▶ **What is needed**:
Please restate word for word the lines from the top of the entries through the line that contains "2x Bezprzewodowy Mikrofon", and do not include any pictures.

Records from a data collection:
++++
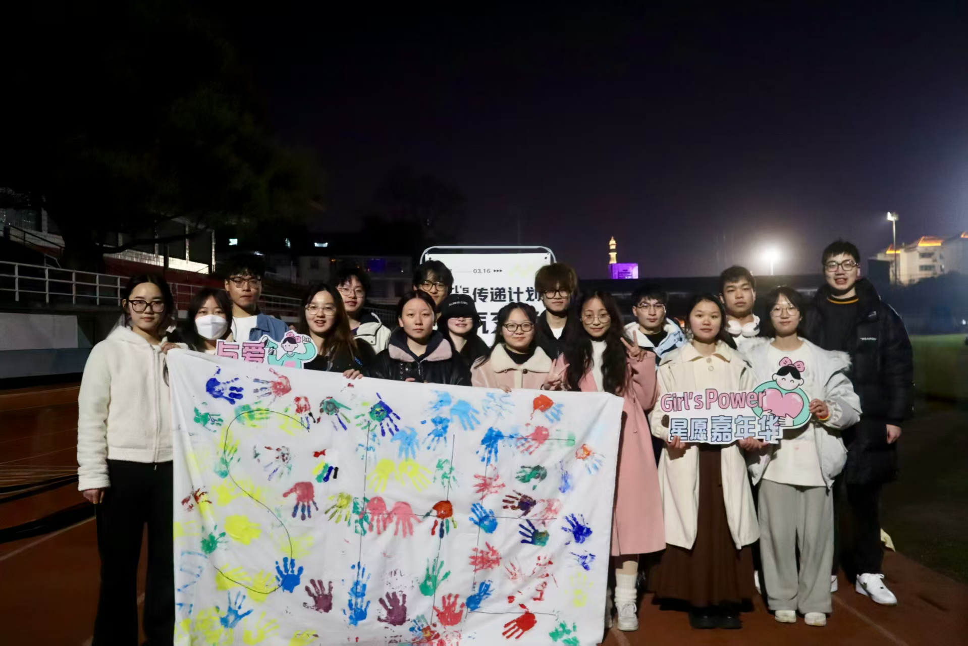 在七院员工会分工合作、协调筹备下,本次活动组建了“韵律派对”、“传递计划”、“星愿嘉年华”三大特色站点。晚上6点,“韵律派对”随舞活动在二里半田径场拉开帷幕,同学们随着节奏舞动,释放青春活力,在轻松愉悦的氛围中收获了满满的欢乐。与此同时,“传递计划”跳蚤市场活动也如火如荼地进行。闲置物品、书画作品和手工艺品等吸引了众多同学驻足挑选。“星愿嘉年华”活动中,同学们交换自己的手写祝福气球,将手印留在“她”力量主题的巨型展板上,最终汇聚成充满力量感的“She”图案。
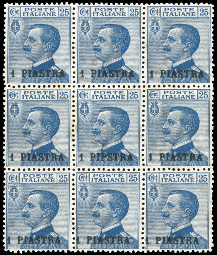 COSTANTINOPOLI 1908 - 1 pi. su 25 cent., II emissione, blocco di nove esemplari con al centro il francobollo con la varietà "PIPSTRA" invece di "PIASTRA" (11d,11), gomma originale integra, perfetto. Cert. E.Diena.
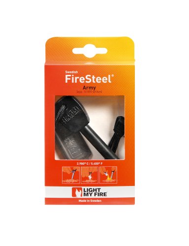 Originally developed for the Swedish Department of Defense, Swedish FireSteel is a flash of genius. Its 3,000°C spark makes fire building easy in any weather, at any altitude. Used by a number of armies around the world, Swedish FireSteel's dependability has already made it a favorite of survival experts, hunters, fishermen and campers. It has also found its way into cabins and backyards as a fool-proof way to light stoves and gas-barbecues.
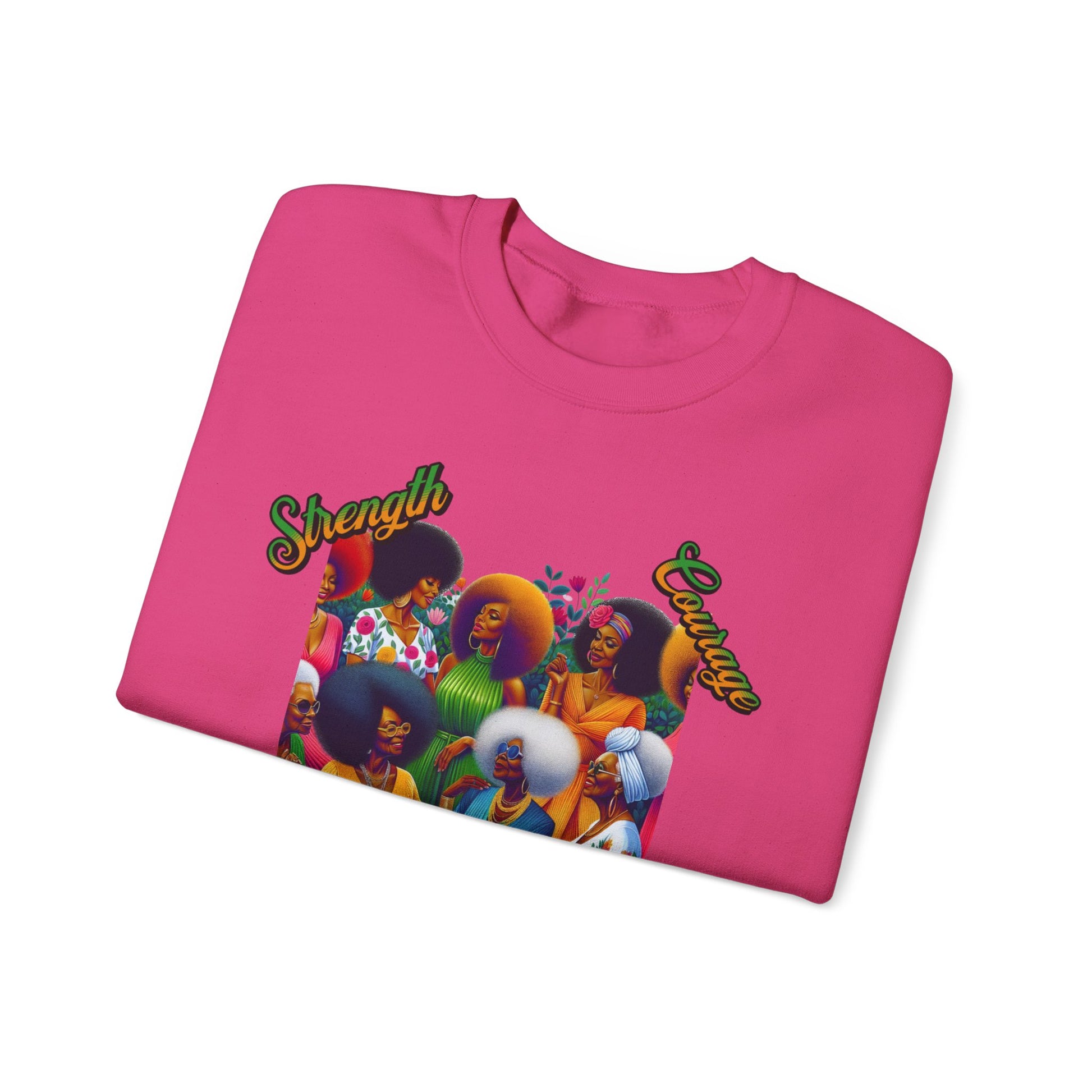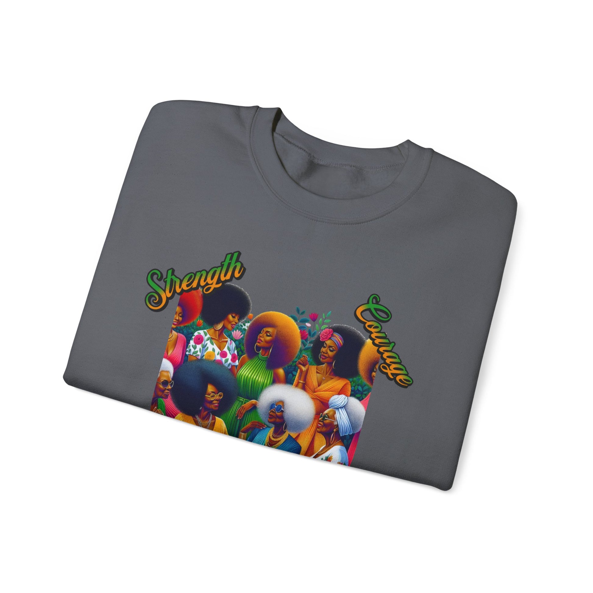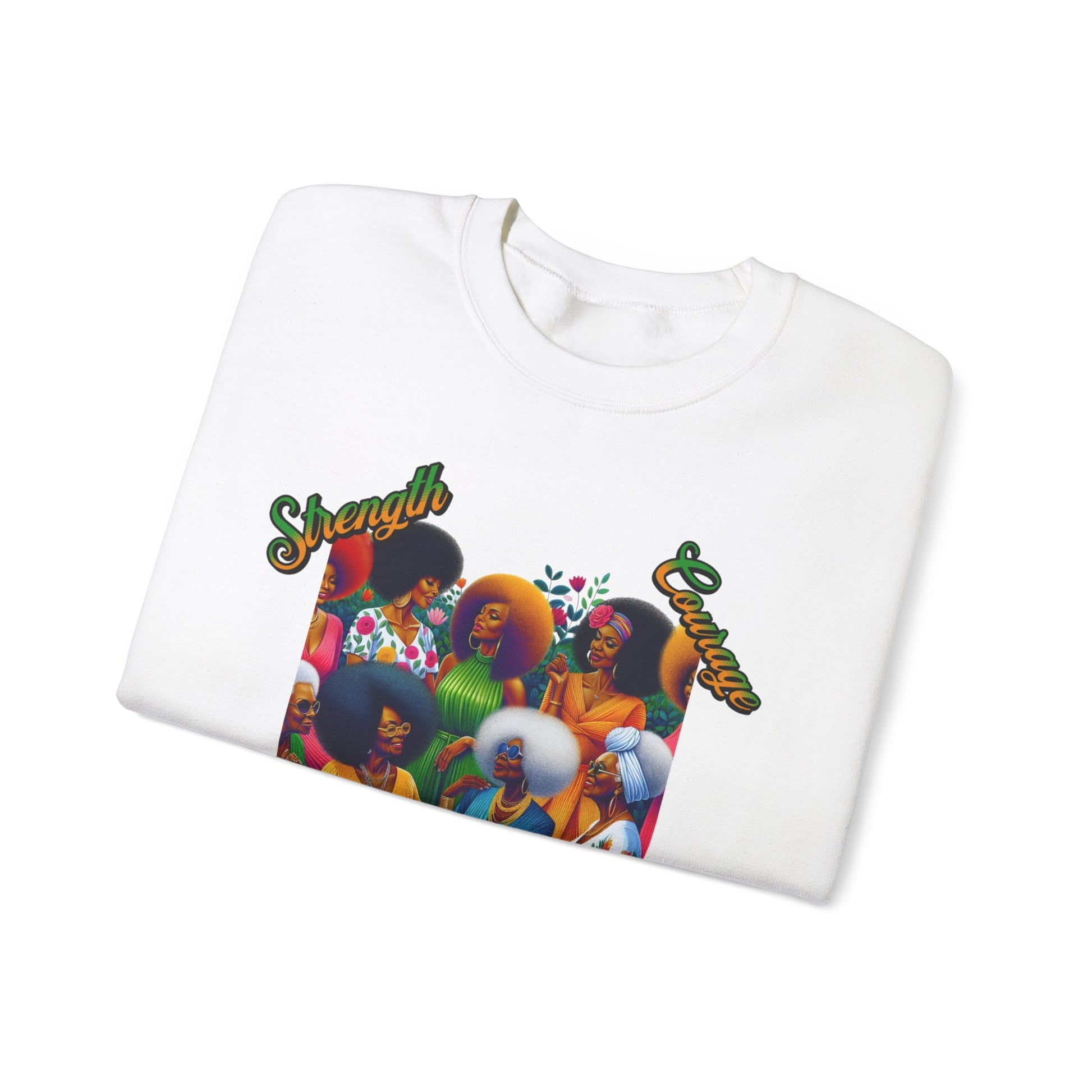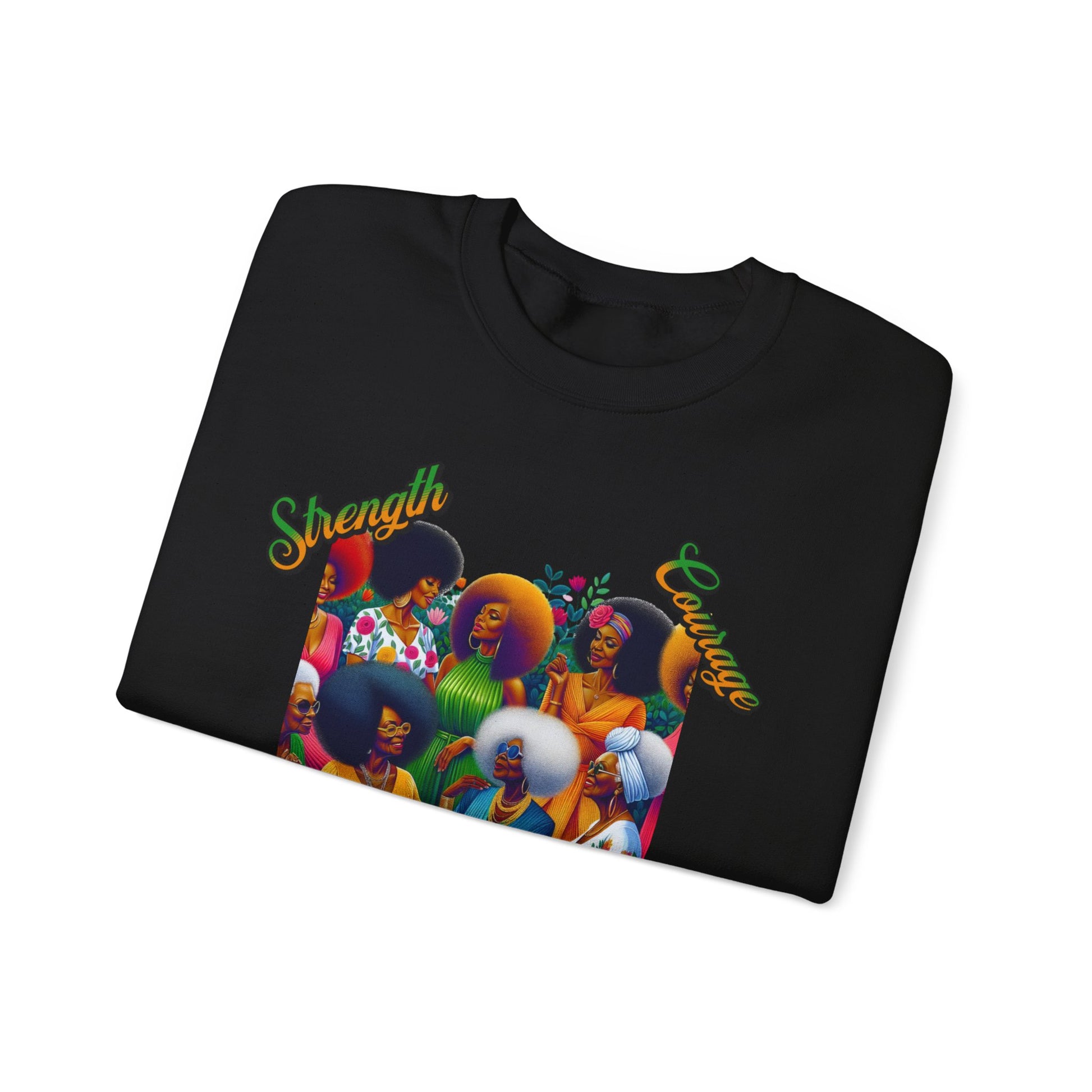 Celebrate the power of sisterhood and the magic of togetherness with this vibrant and empowering design. Featuring a diverse group of Black women with stunning afros, each adorned with flowers, this image radiates beauty, strength, and unity. The phrase "Strength Courage and Wisdom" encapsulates the spirit of collaboration, support, and empowerment that arises when women come together.
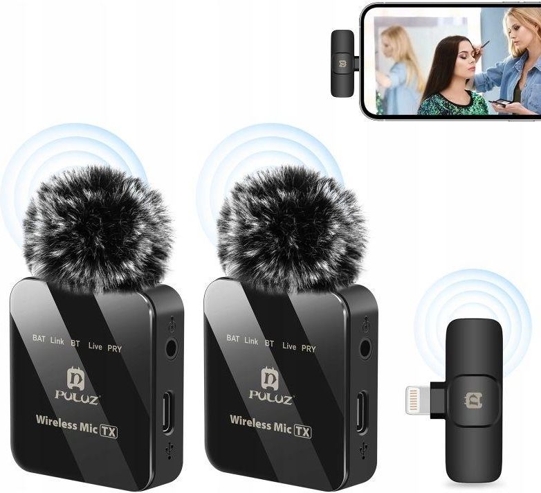 2x Bezprzewodowy Mikrofon Krawatowy do iPhone Lightning / Puluz PU647B Rawicz
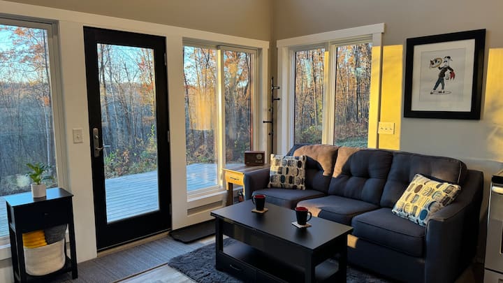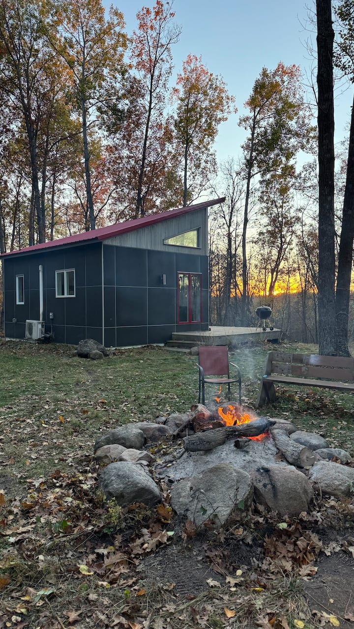 El Red Roof Loft en BlackBerry Acres es una cabaña moderna en 5 acres boscosos privados a lo largo del río Snake, a solo 1,5 horas de las ciudades gemelas. Con su llamativo techo rojo, su elegante loft y sus grandes ventanales que llenan el espacio de luz natural y vistas a las copas de los árboles, es la combinación perfecta de estilo y naturaleza. Disfruta de las puestas de sol desde la terraza, reúnete en los fogones superiores o inferiores, juega juegos de patio o rema en el río. Ideal para familias, parejas o un fin de semana de chicas cerca de cervecerías, senderos y el encanto de una ciudad pequeña.
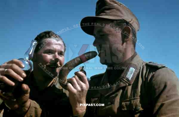 German War Photographer Fritz Moosmueller eats german sausage in Tunisia 1942. 90th Light Infantry Division.
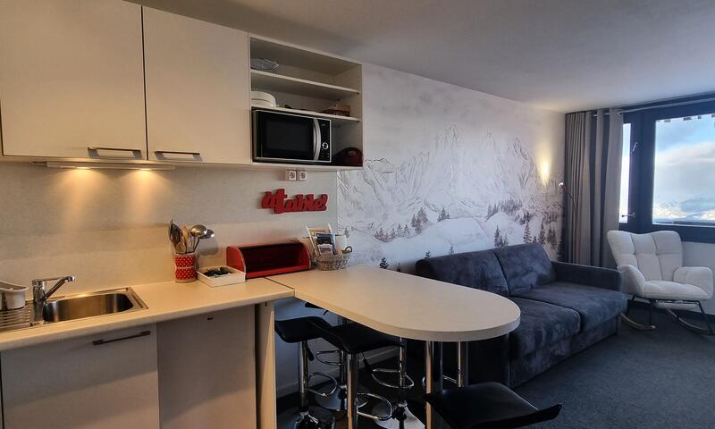 Ce studio rénové se trouve au niveau "N" du Paquebot des Neiges et est accessible par l'ascenseur "Diamant". Il se compose d'une cuisine ouverte sur le séjour, d'une chambre borgne, d'une salle de bains et d'un WC indépendant. Son balcon exposé Nord offre une jolie vue sur le Mont Blanc.
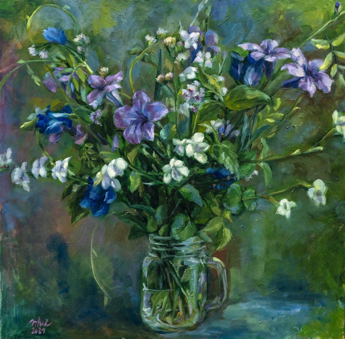 Vibrant contrasts, meanwhile, can be perceived in Dao Nhu’s paintings as she chooses flowers that dance in full, glorious bloom. Yet we can also spot some wilted flowers in the ensemble and even some fallen petals. This seems to evoke the fleeting nature of past experiences.
++++
▶ **Task answer**:
 在七院员工会分工合作、协调筹备下,本次活动组建了“韵律派对”、“传递计划”、“星愿嘉年华”三大特色站点。晚上6点,“韵律派对”随舞活动在二里半田径场拉开帷幕,同学们随着节奏舞动,释放青春活力,在轻松愉悦的氛围中收获了满满的欢乐。与此同时,“传递计划”跳蚤市场活动也如火如荼地进行。闲置物品、书画作品和手工艺品等吸引了众多同学驻足挑选。“星愿嘉年华”活动中,同学们交换自己的手写祝福气球,将手印留在“她”力量主题的巨型展板上,最终汇聚成充满力量感的“She”图案。
 COSTANTINOPOLI 1908 - 1 pi. su 25 cent., II emissione, blocco di nove esemplari con al centro il francobollo con la varietà "PIPSTRA" invece di "PIASTRA" (11d,11), gomma originale integra, perfetto. Cert. E.Diena.
 Originally developed for the Swedish Department of Defense, Swedish FireSteel is a flash of genius. Its 3,000°C spark makes fire building easy in any weather, at any altitude. Used by a number of armies around the world, Swedish FireSteel's dependability has already made it a favorite of survival experts, hunters, fishermen and campers. It has also found its way into cabins and backyards as a fool-proof way to light stoves and gas-barbecues.
 Celebrate the power of sisterhood and the magic of togetherness with this vibrant and empowering design. Featuring a diverse group of Black women with stunning afros, each adorned with flowers, this image radiates beauty, strength, and unity. The phrase "Strength Courage and Wisdom" encapsulates the spirit of collaboration, support, and empowerment that arises when women come together.
 2x Bezprzewodowy Mikrofon Krawatowy do iPhone Lightning / Puluz PU647B Rawicz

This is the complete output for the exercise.